Let \(L_{\sigma}\) denote the Laplacian on the \(1\)-skeleton of \(X_{\sigma}\) with respect to the edge measure \(\mu = \pi_{\sigma}^{(1)}\). Then we have
\[\begin{align} \langle f, L_k^{\wedge} f\rangle_{\pi^{(k)}} &= \E_{\sigma \in \pi^{(k-1)}} \langle f^{(0)}_{\sigma}, L_{\sigma} f^{(0)}_{\sigma} \rangle_{\pi_{\sigma}^{(0)}} \label{eq:down1} \\ \langle f, L_k^{\triangledown} f \rangle_{\pi^{(k)}} &= \E_{\sigma \in \pi^{(k-1)}} \mathsf{Var}_{\pi_{\sigma}^{(0)}}(f_{\sigma}^{(0)})\,, \label{eq:down2} \end{align}\]and \eqref{eq:al-thm} follows immediately from the definition of the spectral gap.
We are left to verify \eqref{eq:down1} and \eqref{eq:down2}.
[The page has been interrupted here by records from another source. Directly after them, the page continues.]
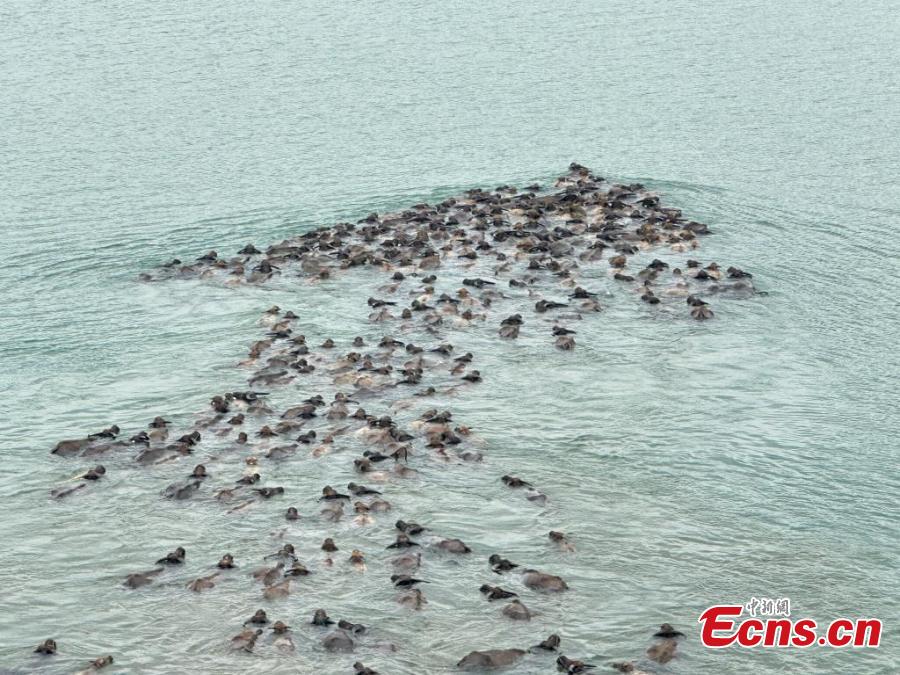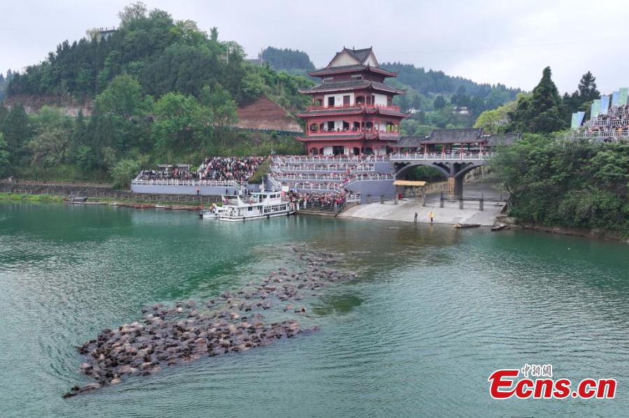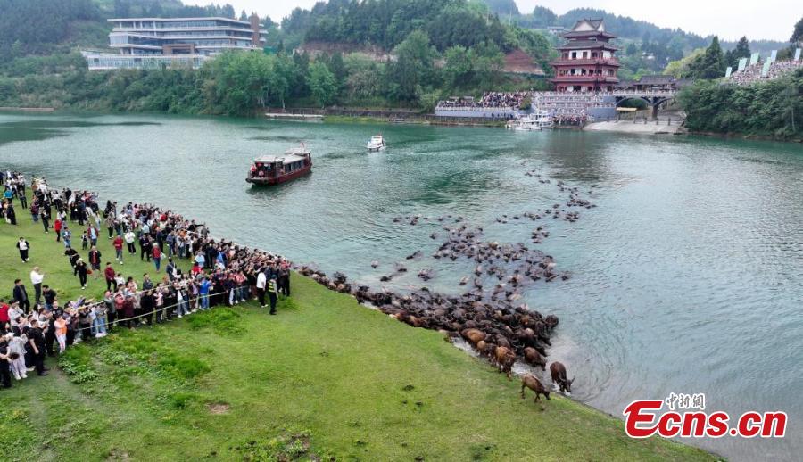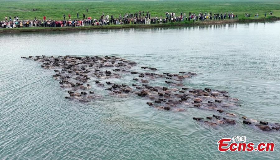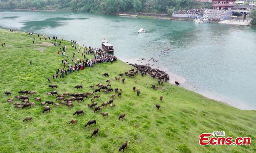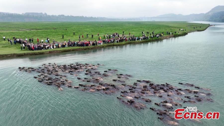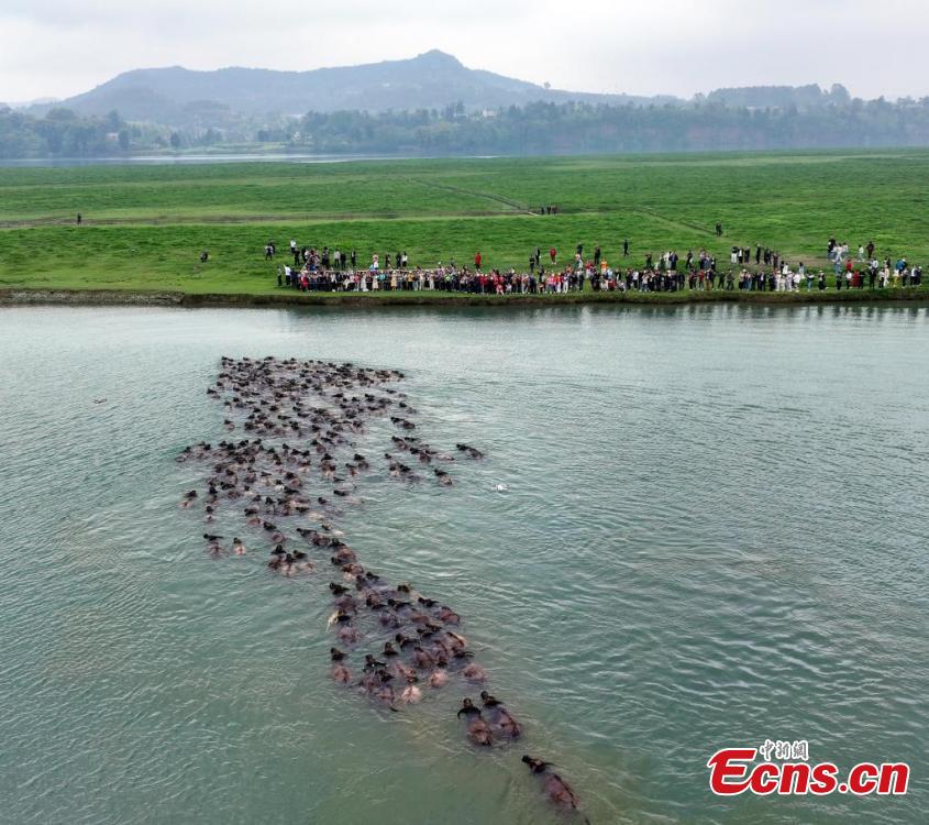 A spectacular view of a herd of buffaloes crossing the Jialing River to forage on Taiyang island, Peng'an county, southwest China's Sichuan Province, April 27, 2025. (China News Service/Liu Yonghong)
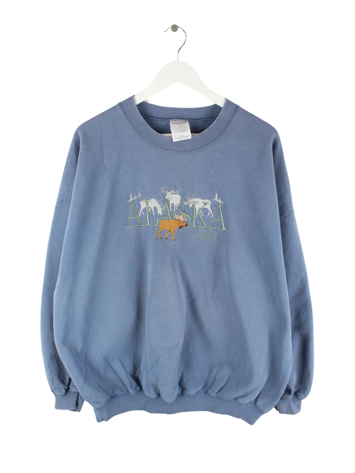 Gildan 90s Vintage Alaska Embroidered Heavy Sweater Blau XXL
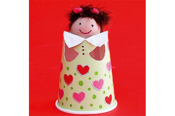 COMO FAZER: vire o copo de papel de cabeça para baixo e corte buracos para os bracinhos com uma tesoura pequena. Decore o copo usando canetinhas e adesivos. Adicione a cabeça usando uma bolinha de madeira (ou de pingue-pongue) colando-a na base do copo. Para o cabelo, use um pouco de penugem. Por fim, crie um colarinho de papel e cole logo acima dos buracos dos bracinhos. Faça uma família inteira para todo mundo brincar!
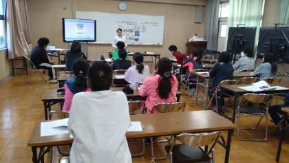 放課後、教育委員会より講師の先生に来ていただき、外国語研修が行なわれました。外国語活動、外国語科の学習の進め方や模擬授業などを通して、外国語の学習についての理解を深めました。
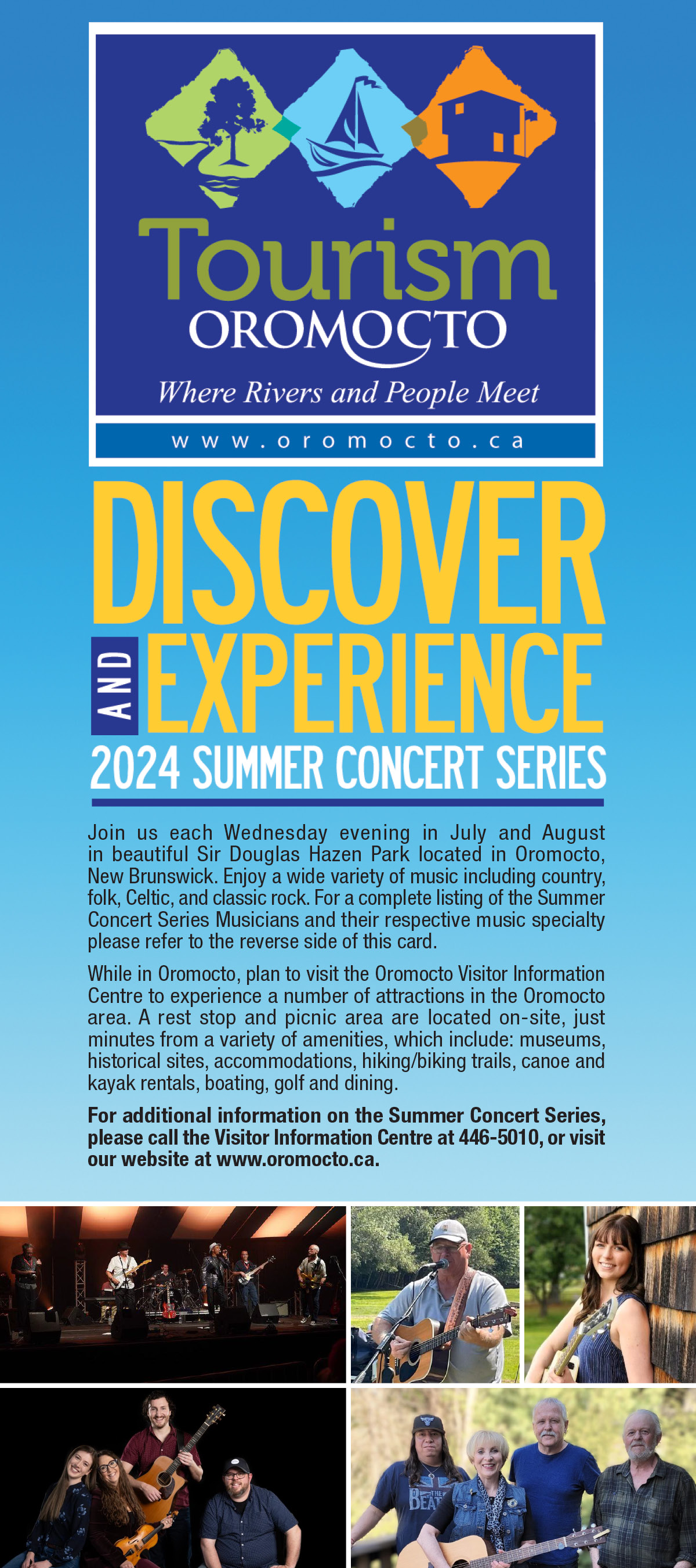 Discover and experience local musicians and wonderful music, with our Summer Concert Series featured each Wednesday evening in July and August in picturesque Sir Douglas Hazen Park, located next to the Oromocto River, where rivers and people meet. Enjoy a wide variety of music including country, folk, classic, rock, contemorary and a number of local dancers performing highland, irish and step dancing.
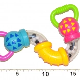 Objavte jednoduchú a zábavnú hračku pre bábätká – hrkálku s rôznofarebnými trubičkami, ktoré možno otáčať. Pri pohybe vytvára jemný hrkálkový zvuk vďaka guľôčkam vo vnútri, čím stimuluje sluch a podnecuje zvedavosť dieťaťa.
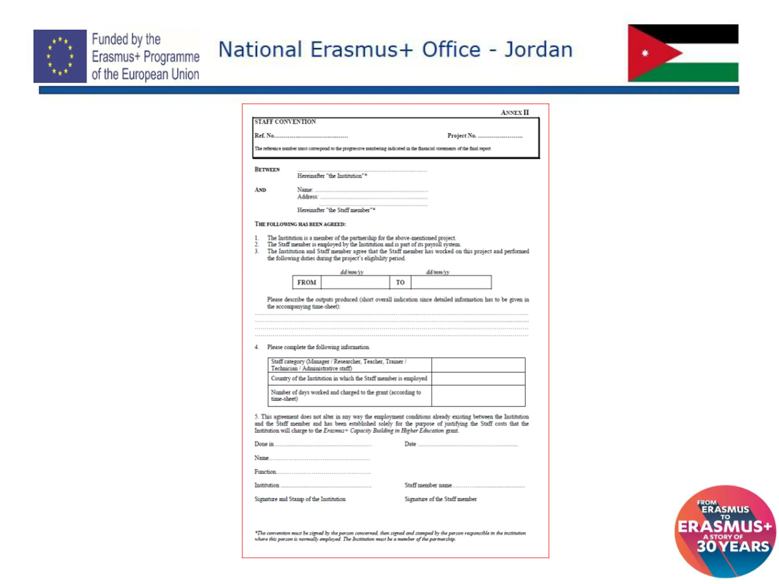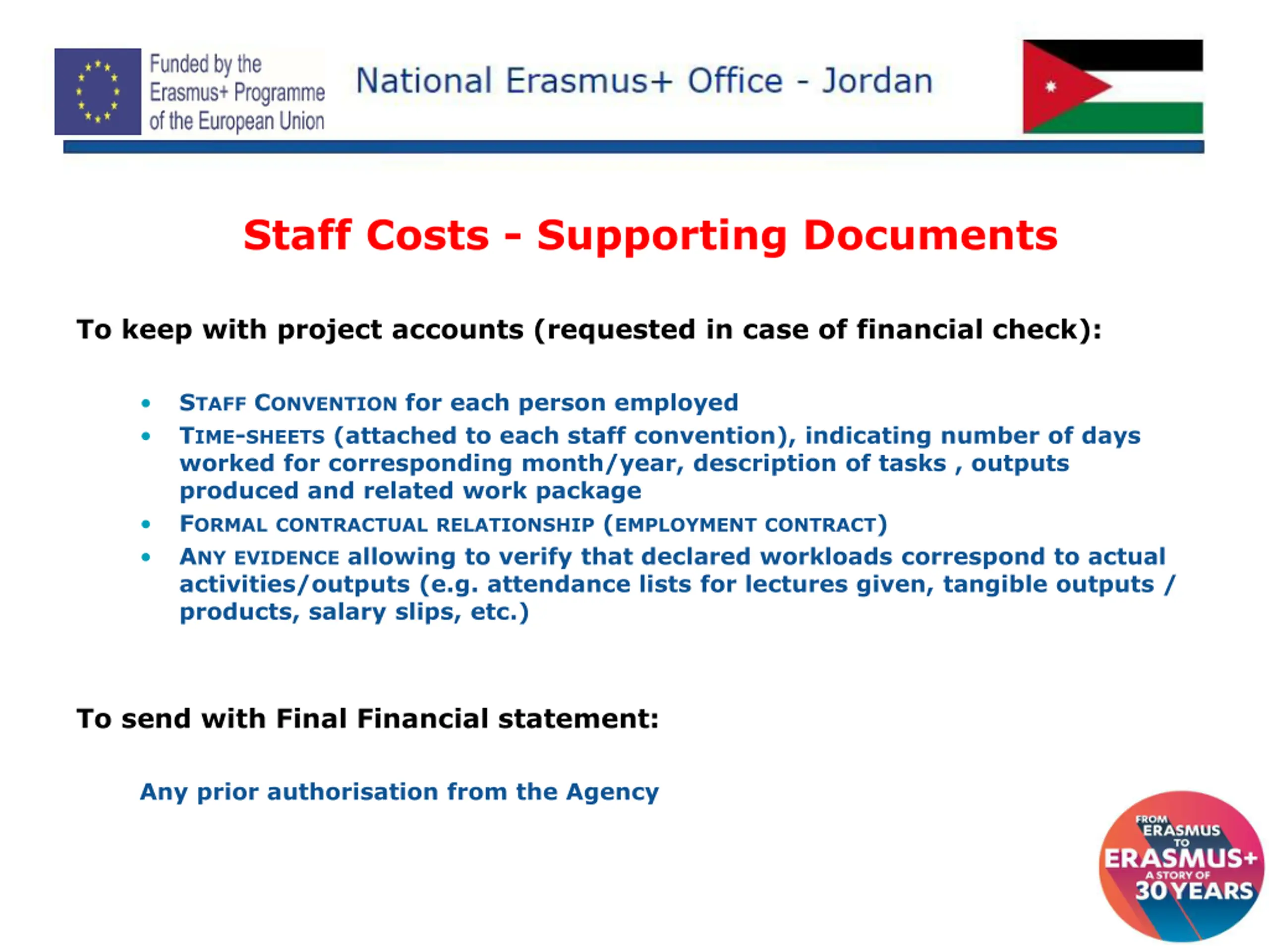 Staff Costs - Supporting Documents To keep with project accounts (requested in case of financial check): STAFF CONVENTION for each person employed TIME-SHEETS (attached to each staff convention), indicating number of days worked for corresponding month/year, description of tasks , outputs produced and related work package FORMALCONTRACTUALRELATIONSHIP (EMPLOYMENTCONTRACT) ANYEVIDENCE allowing to verify that declared workloads correspond to actual activities/outputs (e.g. attendance lists for lectures given, tangible outputs / products, salary slips, etc.) To send with Final Financial statement: Any prior authorisation from the Agency 14
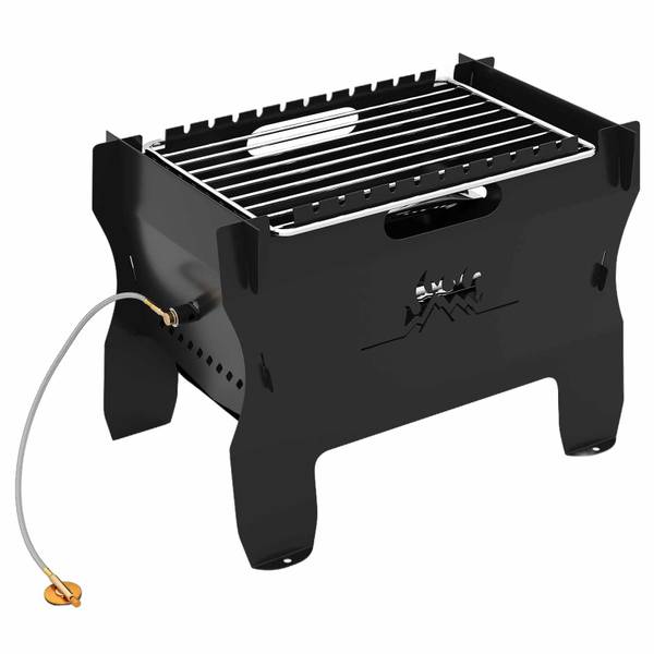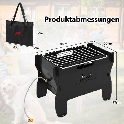 Konstruiert für Bequemlichkeit und Flexibilität, bietet dieser tragbare Grill einen abnehmbaren Gasschlauch und Brenner für Butannutzung, sowie die Option, auf Holzkohle, Holz oder Brennpellets umzuschalten, um Ihren Geschmack und Ihre Umstände zu erfüllen. Der Grillrost von 28 x 19 cm ist ideal zum Kochen einer Vielzahl von Speisen, von Kebabs bis Gemüse, ergänzt durch eine hervorragende Luftzirkulation, die einen effizienten Brennstoffverbrauch und gleichmäßiges Garen sicherstellt. Aus hochwertigem Metall gefertigt, verspricht dieser Grill dauerhafte Zuverlässigkeit, wohin auch immer Sie gehen. Schnell aufzubauen und in seine praktische Tragetasche zu verpacken, ist dieser Dual-Fuel Grill Ihr perfekter Begleiter im Freien für unvergessliche Erlebnisse.
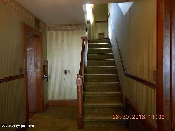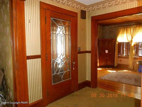 Enter through the leaded glass doors in the front hall into a world of Victorian charm. Formal living room with brick fireplace and dining room flank the entrance hall with elegant original wood stairway. Enter an updated ceramic tile and wood kitchen with dining area, half bath and enclosed back porch. The first floor is then completed by an office with half bath and waiting room entered through separate 9th Street entrance. Five bedrooms and a ceramic tile full bath complete the second and third floors. There are inlaid original hardwood floors in many rooms. This highly desirable corner lot comes with a detached two car garage. 2 NEW 275 gallon oil tanks installed 12/2018. Needs updating and some restoration to bring it back to it's original Victorian elegance.
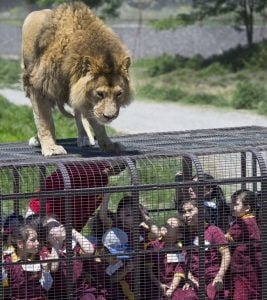 وبمجرد رؤية الأسد السيارة يقفز فوق سقفها، ليبدأ الأطفال بتصويرهم عن قرب وإطعامهم باللحوم النيئة من بين الشباك ودغدغة بطونهم وملامسة مخالبهم الضخمة في مغامرة ممتعة، بل كانت بعض الأسود ترقد فوق السيارة فقط للاستراحة.

Use \eqref{eq:laplacian} to write
\[\begin{align*} \langle f, L_k^{\wedge} f\rangle_{\pi^{(k)}} &= \frac14 \E_{\alpha \sim \pi^{(k)}} \E_{v \in \alpha} \E_{u \sim \pi^{(0)}_{\alpha}} (f(\alpha)-f(\alpha + u - v))^2 \\ &=\frac12 \E_{\sigma \sim \pi^{(k-1)}} \E_{uv \sim \pi^{(1)}_{\sigma}} (f(\sigma + u)-f(\sigma + v))^2 \\ &=\frac12 \E_{\sigma \sim \pi^{(k-1)}} \E_{uv \sim \pi^{(1)}_{\sigma}} (f_{\sigma}^{(0)}(u) - f_{\sigma}^{(0)}(v))^2 \\ &= \E_{\sigma \sim \pi^{(k-1)}} \langle f_{\sigma}^{(0)}, L_{\sigma} f_{\sigma}^{(0)}\rangle_{\pi_{\sigma}^{(0)}}\,. \end{align*}\]Next write
\[\begin{align*} \langle f, L_k^{\triangledown} f \rangle_{\pi^{(k)}} &= \frac14 \E_{\alpha \sim \pi^{(k)}} \E_{v \in \alpha} \E_{u \sim \pi^{(0)}_{\alpha \setminus v}} (f(\alpha) - f(\alpha + u - v))^2 \\ &= \frac12 \E_{\sigma \sim \pi^{(k-1)}} \E_{u,v \sim \pi^{(0)}_{\sigma}} (f(\sigma + u) - f(\sigma + v))^2 \\ &= \frac12 \E_{\sigma \sim \pi^{(k-1)}} \E_{u,v \sim \pi^{(0)}_{\sigma}} (f^{(0)}_{\sigma}(u) - f^{(0)}_{\sigma}(v))^2 \\ &= \E_{\sigma \sim \pi^{(k-1)}} \mathsf{Var}_{\pi^{(0)}_{\sigma}}(f_{\sigma}^{(0)})\,, \end{align*}\]where the last line follows from the general fact
\[\mathsf{Var}(X) = \frac12 \E |X-X'|^2\,,\]when \(X\) and \(X'\) are two independent copies of \(X\).